(Data listing Opens)
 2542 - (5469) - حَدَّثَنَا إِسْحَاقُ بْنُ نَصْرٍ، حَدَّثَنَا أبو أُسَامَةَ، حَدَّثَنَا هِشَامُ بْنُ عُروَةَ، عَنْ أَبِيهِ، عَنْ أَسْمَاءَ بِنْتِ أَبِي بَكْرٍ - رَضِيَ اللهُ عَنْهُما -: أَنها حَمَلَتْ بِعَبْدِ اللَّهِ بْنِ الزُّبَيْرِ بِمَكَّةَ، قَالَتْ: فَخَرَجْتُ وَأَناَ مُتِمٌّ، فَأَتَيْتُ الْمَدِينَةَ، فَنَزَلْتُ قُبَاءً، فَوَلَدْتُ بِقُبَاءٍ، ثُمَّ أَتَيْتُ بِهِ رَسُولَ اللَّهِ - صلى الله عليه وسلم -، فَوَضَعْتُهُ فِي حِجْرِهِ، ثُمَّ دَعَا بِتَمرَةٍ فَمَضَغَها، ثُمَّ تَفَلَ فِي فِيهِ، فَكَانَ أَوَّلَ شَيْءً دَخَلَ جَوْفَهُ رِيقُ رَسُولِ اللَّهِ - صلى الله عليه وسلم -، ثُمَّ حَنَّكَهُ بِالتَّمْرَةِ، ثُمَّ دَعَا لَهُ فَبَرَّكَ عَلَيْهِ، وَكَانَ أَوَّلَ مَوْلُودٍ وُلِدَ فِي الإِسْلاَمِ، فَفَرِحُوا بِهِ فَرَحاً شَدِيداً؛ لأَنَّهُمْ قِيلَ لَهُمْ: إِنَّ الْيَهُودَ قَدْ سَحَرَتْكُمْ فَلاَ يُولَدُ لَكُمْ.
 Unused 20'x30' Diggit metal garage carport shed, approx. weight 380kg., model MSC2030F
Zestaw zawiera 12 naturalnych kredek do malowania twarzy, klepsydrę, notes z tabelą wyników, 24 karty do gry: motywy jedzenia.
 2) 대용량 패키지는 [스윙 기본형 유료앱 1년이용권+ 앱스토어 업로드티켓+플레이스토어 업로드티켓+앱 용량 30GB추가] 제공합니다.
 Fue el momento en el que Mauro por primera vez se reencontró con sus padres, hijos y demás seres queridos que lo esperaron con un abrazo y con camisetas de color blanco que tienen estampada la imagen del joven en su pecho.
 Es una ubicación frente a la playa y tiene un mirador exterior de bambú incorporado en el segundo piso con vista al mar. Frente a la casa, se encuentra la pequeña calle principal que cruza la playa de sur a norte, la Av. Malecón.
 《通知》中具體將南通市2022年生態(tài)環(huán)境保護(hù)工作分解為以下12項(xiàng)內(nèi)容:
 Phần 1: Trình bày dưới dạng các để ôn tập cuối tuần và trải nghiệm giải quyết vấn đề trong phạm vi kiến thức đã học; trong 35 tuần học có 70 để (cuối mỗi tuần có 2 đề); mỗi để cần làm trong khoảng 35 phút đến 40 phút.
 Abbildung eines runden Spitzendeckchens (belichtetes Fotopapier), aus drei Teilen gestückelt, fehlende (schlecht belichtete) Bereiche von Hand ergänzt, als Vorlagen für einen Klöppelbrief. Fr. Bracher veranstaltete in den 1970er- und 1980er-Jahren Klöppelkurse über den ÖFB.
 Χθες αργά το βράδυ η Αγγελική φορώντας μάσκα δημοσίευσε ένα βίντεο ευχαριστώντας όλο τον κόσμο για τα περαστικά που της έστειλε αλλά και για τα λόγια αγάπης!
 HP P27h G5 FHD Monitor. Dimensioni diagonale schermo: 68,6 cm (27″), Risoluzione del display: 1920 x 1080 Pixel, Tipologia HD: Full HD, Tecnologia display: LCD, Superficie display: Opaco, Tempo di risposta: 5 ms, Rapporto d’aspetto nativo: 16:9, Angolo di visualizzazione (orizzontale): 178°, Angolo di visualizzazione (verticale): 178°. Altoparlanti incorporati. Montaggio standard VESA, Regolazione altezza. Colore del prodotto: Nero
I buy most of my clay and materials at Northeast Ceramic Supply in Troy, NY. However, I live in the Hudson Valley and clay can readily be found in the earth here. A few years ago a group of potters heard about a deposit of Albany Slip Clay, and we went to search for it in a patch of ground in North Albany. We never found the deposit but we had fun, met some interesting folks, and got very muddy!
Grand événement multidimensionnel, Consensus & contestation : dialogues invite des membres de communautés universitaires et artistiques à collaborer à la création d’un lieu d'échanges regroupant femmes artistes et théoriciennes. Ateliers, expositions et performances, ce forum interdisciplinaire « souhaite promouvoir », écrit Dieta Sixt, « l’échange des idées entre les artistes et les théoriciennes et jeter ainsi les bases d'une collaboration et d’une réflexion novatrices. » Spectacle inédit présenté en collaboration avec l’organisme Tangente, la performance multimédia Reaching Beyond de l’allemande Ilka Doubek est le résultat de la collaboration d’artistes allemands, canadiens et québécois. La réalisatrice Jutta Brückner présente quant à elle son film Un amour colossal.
(Data listing Closes)
Exercise details
Quote exactly the first line of the data and every line after it through the one holding "Phần 1: Trình".

Your response
 2542 - (5469) - حَدَّثَنَا إِسْحَاقُ بْنُ نَصْرٍ، حَدَّثَنَا أبو أُسَامَةَ، حَدَّثَنَا هِشَامُ بْنُ عُروَةَ، عَنْ أَبِيهِ، عَنْ أَسْمَاءَ بِنْتِ أَبِي بَكْرٍ - رَضِيَ اللهُ عَنْهُما -: أَنها حَمَلَتْ بِعَبْدِ اللَّهِ بْنِ الزُّبَيْرِ بِمَكَّةَ، قَالَتْ: فَخَرَجْتُ وَأَناَ مُتِمٌّ، فَأَتَيْتُ الْمَدِينَةَ، فَنَزَلْتُ قُبَاءً، فَوَلَدْتُ بِقُبَاءٍ، ثُمَّ أَتَيْتُ بِهِ رَسُولَ اللَّهِ - صلى الله عليه وسلم -، فَوَضَعْتُهُ فِي حِجْرِهِ، ثُمَّ دَعَا بِتَمرَةٍ فَمَضَغَها، ثُمَّ تَفَلَ فِي فِيهِ، فَكَانَ أَوَّلَ شَيْءً دَخَلَ جَوْفَهُ رِيقُ رَسُولِ اللَّهِ - صلى الله عليه وسلم -، ثُمَّ حَنَّكَهُ بِالتَّمْرَةِ، ثُمَّ دَعَا لَهُ فَبَرَّكَ عَلَيْهِ، وَكَانَ أَوَّلَ مَوْلُودٍ وُلِدَ فِي الإِسْلاَمِ، فَفَرِحُوا بِهِ فَرَحاً شَدِيداً؛ لأَنَّهُمْ قِيلَ لَهُمْ: إِنَّ الْيَهُودَ قَدْ سَحَرَتْكُمْ فَلاَ يُولَدُ لَكُمْ.
 Unused 20'x30' Diggit metal garage carport shed, approx. weight 380kg., model MSC2030F
Zestaw zawiera 12 naturalnych kredek do malowania twarzy, klepsydrę, notes z tabelą wyników, 24 karty do gry: motywy jedzenia.
 2) 대용량 패키지는 [스윙 기본형 유료앱 1년이용권+ 앱스토어 업로드티켓+플레이스토어 업로드티켓+앱 용량 30GB추가] 제공합니다.
 Fue el momento en el que Mauro por primera vez se reencontró con sus padres, hijos y demás seres queridos que lo esperaron con un abrazo y con camisetas de color blanco que tienen estampada la imagen del joven en su pecho.
 Es una ubicación frente a la playa y tiene un mirador exterior de bambú incorporado en el segundo piso con vista al mar. Frente a la casa, se encuentra la pequeña calle principal que cruza la playa de sur a norte, la Av. Malecón.
 《通知》中具體將南通市2022年生態(tài)環(huán)境保護(hù)工作分解為以下12項(xiàng)內(nèi)容:
 Phần 1: Trình bày dưới dạng các để ôn tập cuối tuần và trải nghiệm giải quyết vấn đề trong phạm vi kiến thức đã học; trong 35 tuần học có 70 để (cuối mỗi tuần có 2 đề); mỗi để cần làm trong khoảng 35 phút đến 40 phút.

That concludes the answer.